Derivation of theoretical formula for the third order neutron correlation technique by using importance function

The third order neutron correlation technique is one of the subcriticality measurement techniques. This technique was originally proposed by Furuhashi and utilizes the second and third order neutron correlation factors Y(T) and X(T), which are evaluated from the variance and third order central moment of neutron counts detected during a counting gate width T, respectively. We can obtain the absolute value of subcriticality from the Y∞ and X∞, which are saturation values of Y(T) and X(T) when T goes to infinity. In the previous paper, we derived the generalized theoretical formulas of Y∞ and X∞ that took account of both the spatial and neutron energy effects.
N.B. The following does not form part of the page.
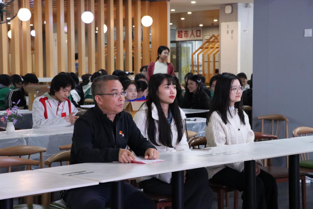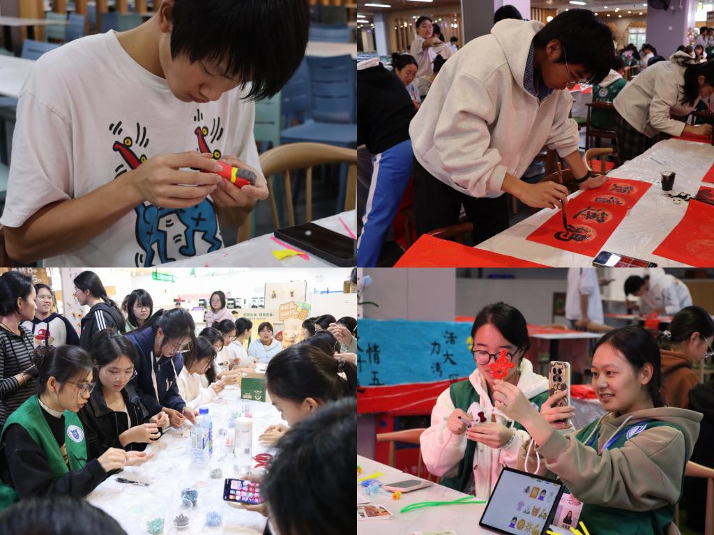 本次活动互动环节丰富多样,同学们在“新年珠语”中编织好运手链,将新年期许融入丝线;“手作安康”区备有扭扭棒、羊毛毡等材料,大家创意创作手工作品;“春联对对碰”深受传统文化爱好者喜爱,同学们挥毫书写吉祥春联,传递新春祝福。“表情四字成语”“猜灯谜”等趣味游戏更让现场欢声笑语、热闹非凡。活动现场还播放了精心准备的新年祝福视频,温情满满的画面传递着师生间的真挚情谊,让冬日的校园洋溢着浓浓的暖意。

Its derivation was based on a heuristic method in which we consider the branching process of neutron family, and we utilized the α-eigenfunction expansion technique. Then, the previous formulas are expressed by multiple sums involving both the α-eigenfunctions and their adjoint functions. In this paper, we derive the new compact expressions of Y∞ and X∞ by using the importance functions related to the neutron detection process. Present derivation is based on the stochastic equation of neutron transport. New expressions have two advantages. We can clarify the physical meanings of Y∞ and X∞. And, without α-eigenfunction expansion, we can calculate Y∞ and X∞ directly by calculating the importance functions which satisfy the adjoint neutron transport equations. Moreover, we prove that new expressions of Y∞ and X∞ are identical with the previous ones, so that we can conclude that our previous derivation based on a heuristic method is correct.